KCK ve Kürtler
KCK resmen “PKK’nın şehir örgütlenmesi”dir. Son olarak çeşitli illerde KCK mensubu oldukları için geniş gözaltı ve tutuklamalar yapıldı. Ellerinde silah yok, bomba yok... Buradan hareketle bu KCK tutuklamalarını eleştirenler az değil.
Hatta Selahattin Demirtaş, bu tutuklamaları “Kürtlerin siyaset yapması engelleniyor” diye eleştirdi!..
“Başbakan’a haddini bildirmek için sokaklara döküleceklerini” de söyledi.
Peki KCK nedir? “Kürdistan Topluluklar Birliği” demek olan KCK’nın başında bir Kürt politikacı değil, Kandil’in şefi Murat Karayılan var!

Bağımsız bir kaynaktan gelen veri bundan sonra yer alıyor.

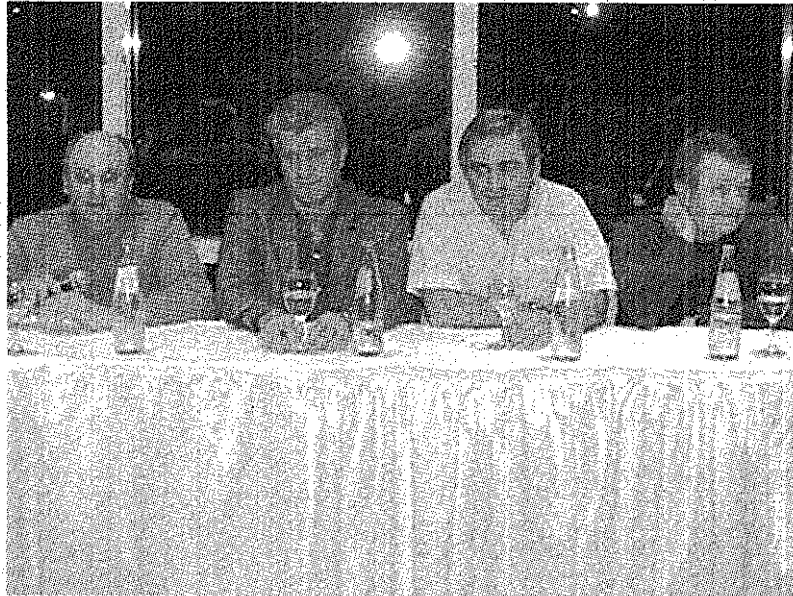
CÚPULA. LA DIRIGENCIA DEL FRENTE DICE QUE TANTO NO SE PUEDE HACER.

Respecto a la expectativa que genera esta nueva elección en el común de los ciudadanos, Eliceche reconoció que existe interés comprobado de la gente por decidir. "Quizás falte información porque hay muchos que pien-
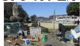
大変お世話になります

これまでの花壇は15cm程の浅いもので花も直ぐに枯れていました。今回は、30cm以上の深さになるようです。正門の桜と綺麗な花の共演で、きっと式等に花を添えてくれる筈です！
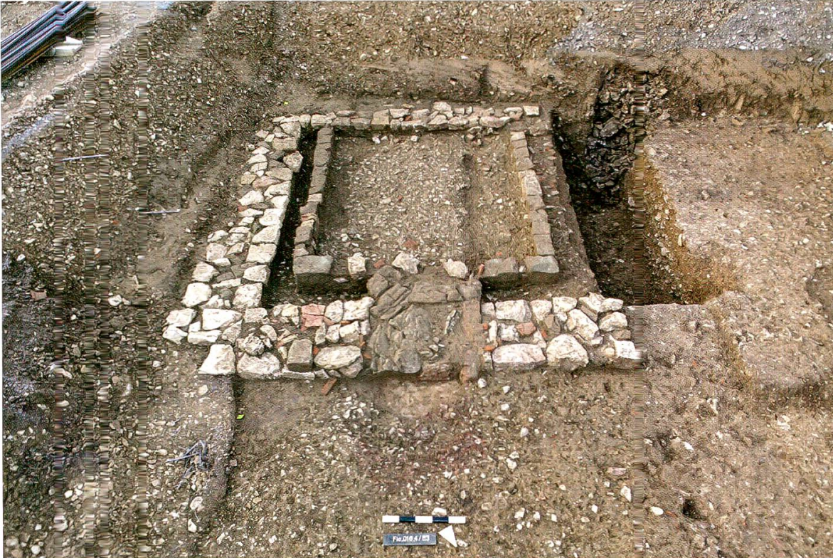
12 Frick-Obere Dorf. Blick von Norden auf den 2016 freigelegten Räucherofen und den teilweise entnommenen Mauerraubgraben.
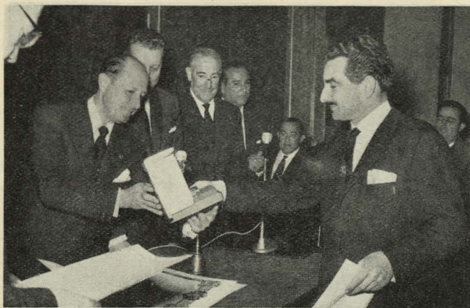
Entrega de premios del concurso de escaparates e instalaciones comerciales, con motivo de las fiestas de la Capitalidad
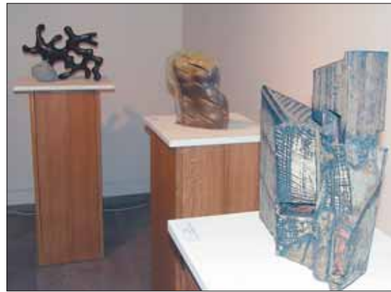
MUSEION No. 1., vagyis a Múzsák kertje a IX. kerületi Üllői úton
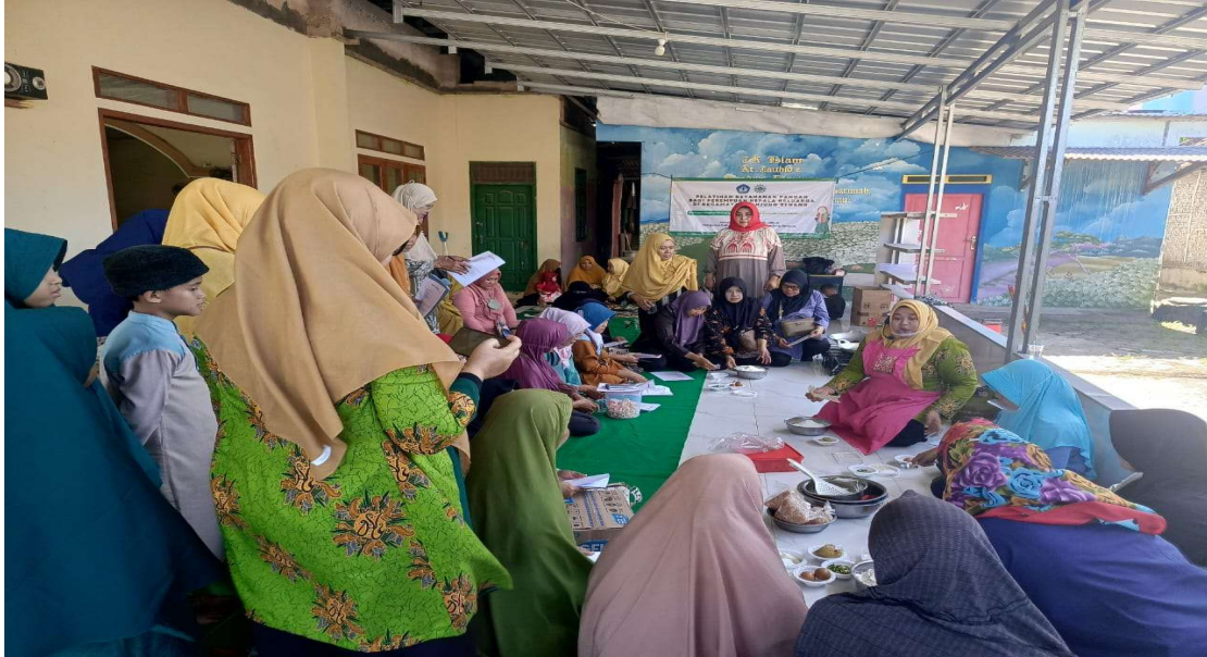
Gambar 3. Kegiatan evaluasi
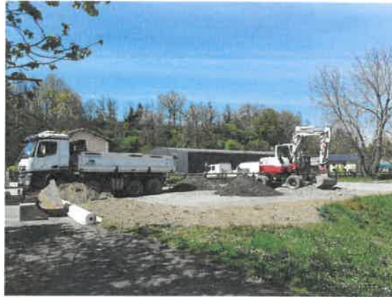
début du chantier du City park
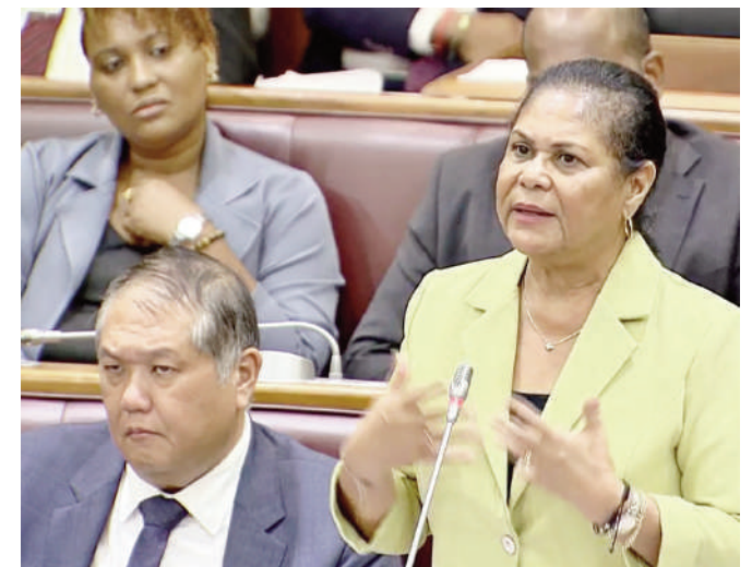
nu comme une crise des droits de l'homme à Maurice, plutôt que comme des incidents isolés.

La législation, a souligné la ministre Navarre-Marie, sera encore renforcée par des amendements au Code pénal concernant les cas de féminicides. Se référant au rapport annuel 2025 de la Commission nationale des droits de l'homme, elle a souligné que le féminicide devait être recon-

Karayılan, “Benim adıma ölme ve öldürme!” diye açıklamalar yapan Kürt sivil toplum kuruluşlarını “düşman”a(!) hizmet etmekle suçlayarak tehdit eden bir “politikacı”dır! Demokrasi anlayışı da böyle bir “susturma” esasına dayanır.
KCK ne yapar?
KCK’nın işlevi, BDP’yi ve belediyeleri tabanın isteklerine göre değil, Kandil’in emirlerine göre davranan, “demir disiplin” altında bir hareket olarak tutmaktır. Stalinist modeldeki “komiserlik” benzeri bir örgütlenmedir. Liberal Kürt aydını İhsan Aksoy’un belirttiği gibi:
“KCK, şehirdeki kontrolü elinde tutmak ve legal siyaseti PKK çizgisinde tutmakla görevli bir yapı... Öyle ki, bir belediye başkanı bir yere gittiğinde, yanında mutlaka KCK’dan biri bulunuyor. Halk arasında bunlara ‘komiser’ deniyor. Belediye başkanlarının, onların görüşlerinin dışına çıkmaları mümkün değil...” (Taraf, 28.12.2009)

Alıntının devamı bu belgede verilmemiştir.